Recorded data
Content starts

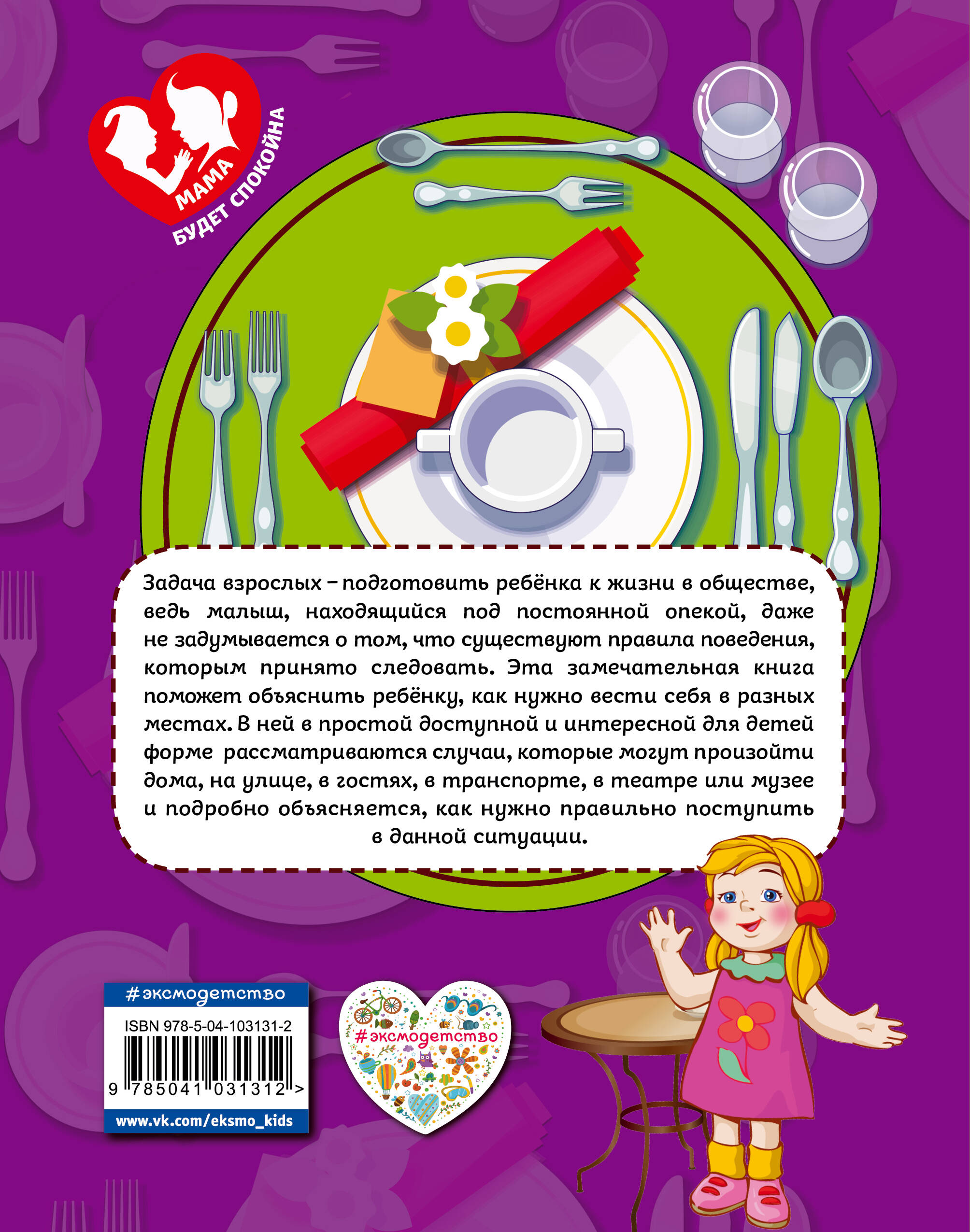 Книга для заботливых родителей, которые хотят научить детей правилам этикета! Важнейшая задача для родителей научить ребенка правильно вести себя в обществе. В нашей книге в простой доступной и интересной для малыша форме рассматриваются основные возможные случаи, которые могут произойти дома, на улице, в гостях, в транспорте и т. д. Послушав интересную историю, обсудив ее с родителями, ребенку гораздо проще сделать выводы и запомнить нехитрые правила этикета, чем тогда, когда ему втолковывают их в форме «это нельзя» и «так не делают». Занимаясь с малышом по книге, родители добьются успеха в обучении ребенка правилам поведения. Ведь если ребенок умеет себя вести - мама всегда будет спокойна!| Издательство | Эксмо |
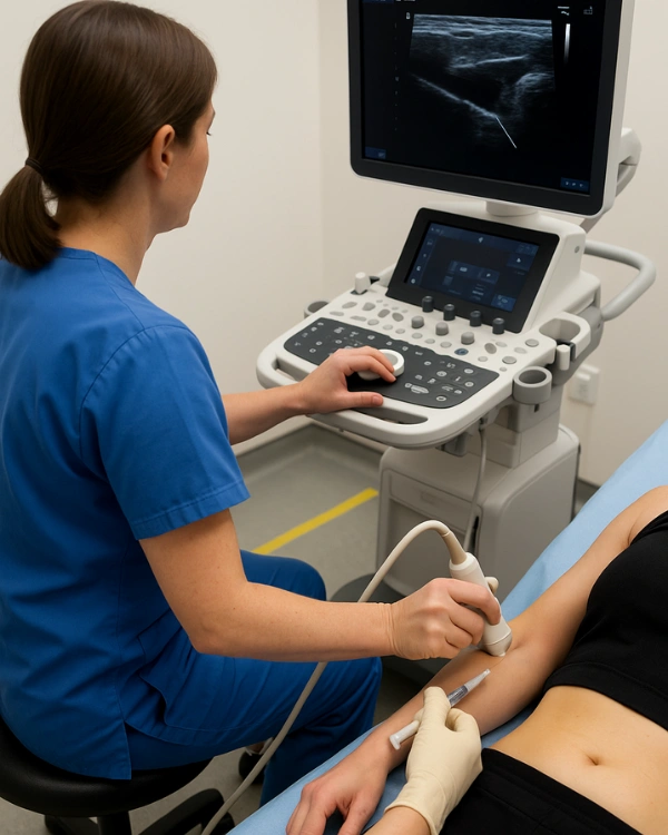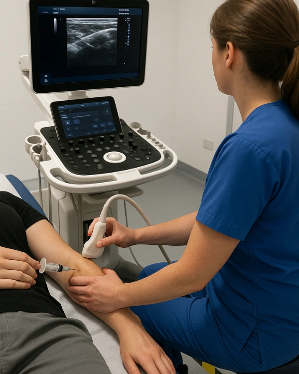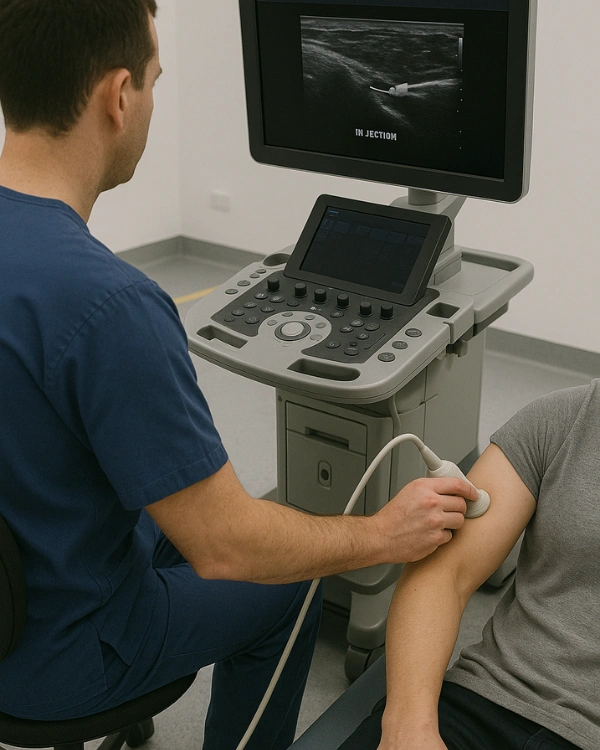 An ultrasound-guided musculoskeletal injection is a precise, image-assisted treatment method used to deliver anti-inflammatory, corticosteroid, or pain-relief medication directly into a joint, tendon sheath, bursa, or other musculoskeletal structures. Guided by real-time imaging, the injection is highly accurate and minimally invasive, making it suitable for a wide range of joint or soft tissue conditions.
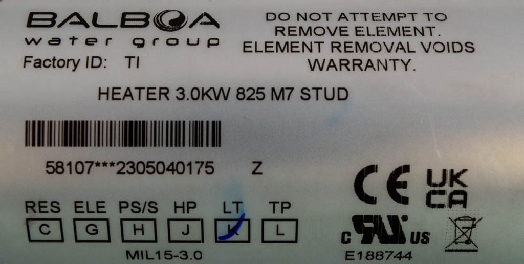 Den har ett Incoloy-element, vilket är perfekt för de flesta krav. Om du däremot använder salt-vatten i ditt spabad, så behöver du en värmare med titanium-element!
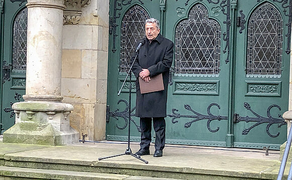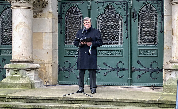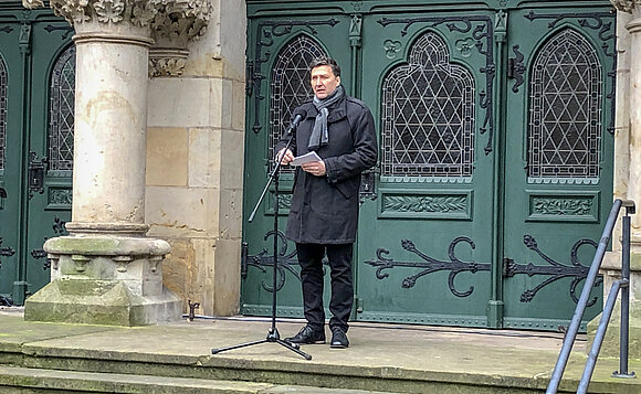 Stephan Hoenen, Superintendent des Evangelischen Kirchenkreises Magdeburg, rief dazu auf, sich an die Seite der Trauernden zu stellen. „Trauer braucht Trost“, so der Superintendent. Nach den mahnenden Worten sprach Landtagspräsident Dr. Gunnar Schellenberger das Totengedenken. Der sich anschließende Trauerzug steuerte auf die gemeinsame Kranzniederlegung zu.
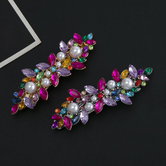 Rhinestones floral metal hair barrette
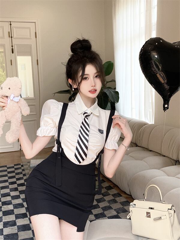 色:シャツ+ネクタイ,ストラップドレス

Content ends

> ASSIGNMENT
Starting at the line above that has "An ultrasound-guided musculoskeletal" and ending at the line that has "Den har ett", copy each line exactly, leaving the pictures out and adding nothing.

> EXERCISE RESULT
 An ultrasound-guided musculoskeletal injection is a precise, image-assisted treatment method used to deliver anti-inflammatory, corticosteroid, or pain-relief medication directly into a joint, tendon sheath, bursa, or other musculoskeletal structures. Guided by real-time imaging, the injection is highly accurate and minimally invasive, making it suitable for a wide range of joint or soft tissue conditions.
 Den har ett Incoloy-element, vilket är perfekt för de flesta krav. Om du däremot använder salt-vatten i ditt spabad, så behöver du en värmare med titanium-element!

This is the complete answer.